A malicious Google Chrome extension that targets MEXC users by injecting a content script into the authenticated MEXC API management page, creating new API keys with withdrawal permissions, hiding the withdrawal permission in the UI, and exfiltrating the Access Key/Secret Key to an attacker-controlled Telegram bot. The stolen keys can enable account takeover actions such as trading and withdrawals even after the extension is uninstalled (until keys are revoked).
A Manifest V3 Chrome extension that activates on MEXC’s API management page, silently enables high-privilege API key permissions (including withdrawals) via UI deception, scrapes newly created Access/Secret keys from the DOM, and exfiltrates them to attacker-controlled Telegram infrastructure to enable account takeover and fund theft without stealing passwords.

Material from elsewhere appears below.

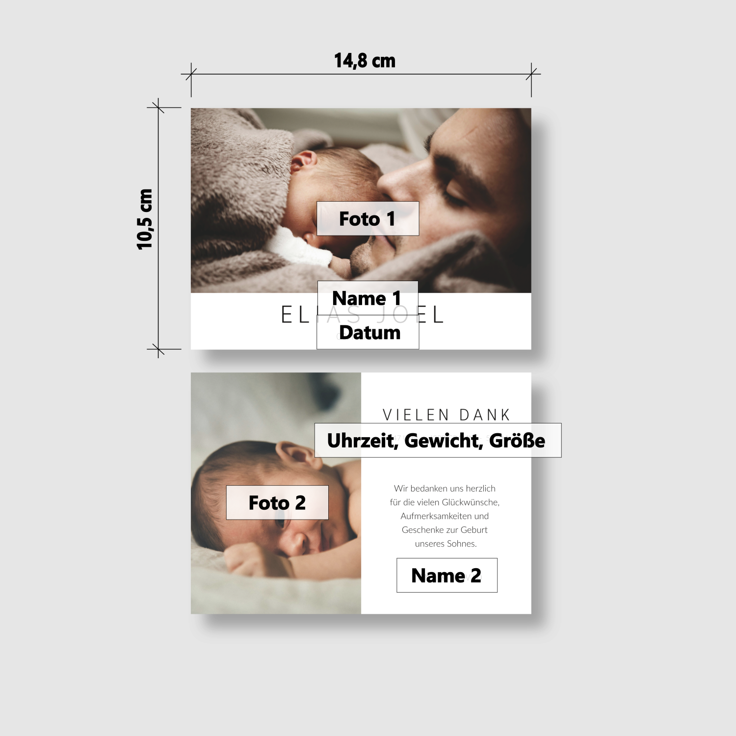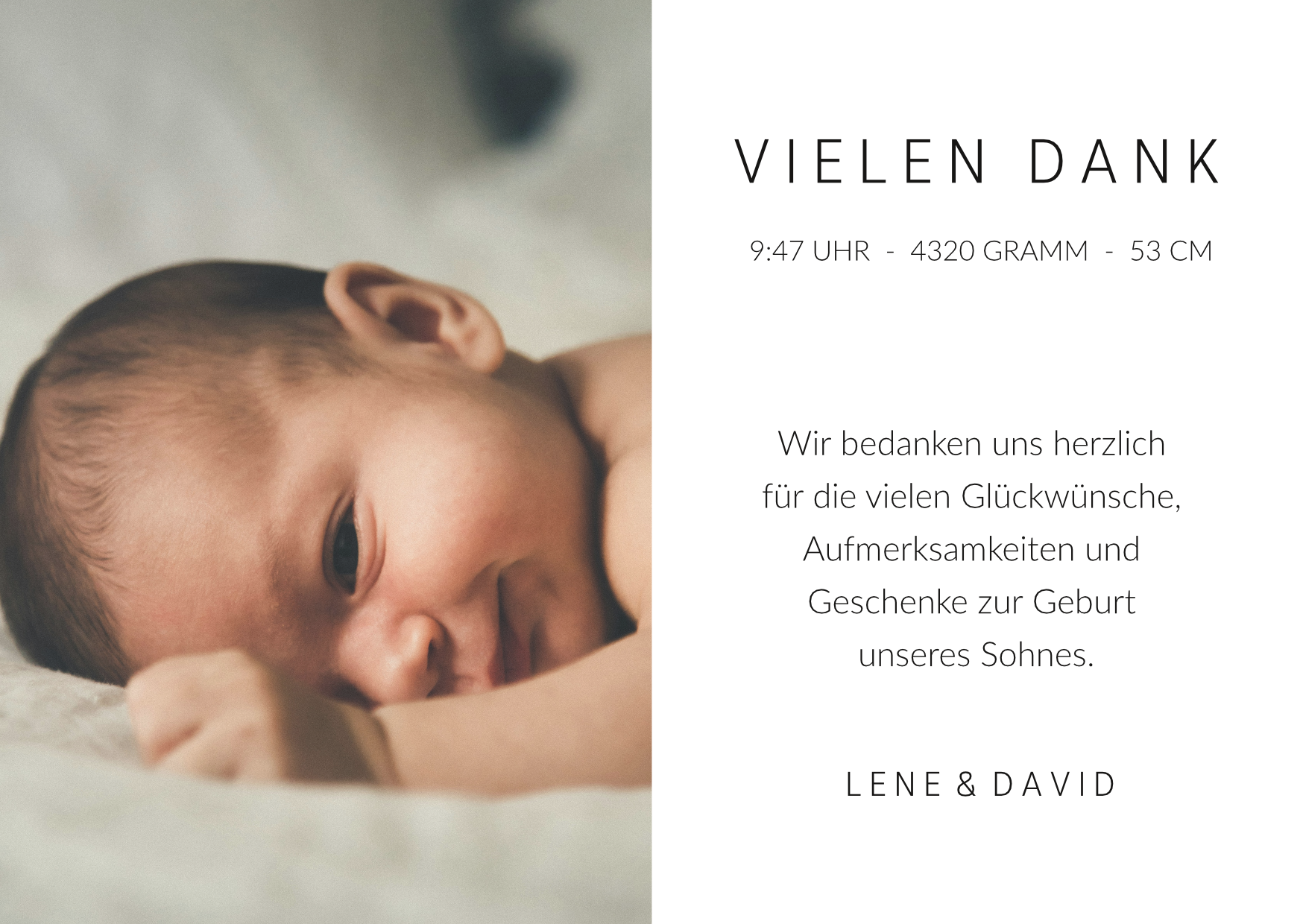 Bedanke dich auf besondere Weise bei Familie, Freunden und Bekannten mit dieser wunderschönen Dankeskarte zur Geburt. Ein liebevoller Gruß, der von Herzen kommt und lange in Erinnerung bleibt.

A malicious Manifest V3 Chrome extension that runs on MEXC’s /user/openapi page to automate creation of new MEXC API keys with trading + withdrawal permissions, deceptively hides the withdrawal permission state in the UI, then steals (access key + secret key) from the success modal and exfiltrates them via HTTPS to a hardcoded Telegram Bot API endpoint, enabling account takeover and financial theft via API-based trading/withdrawals.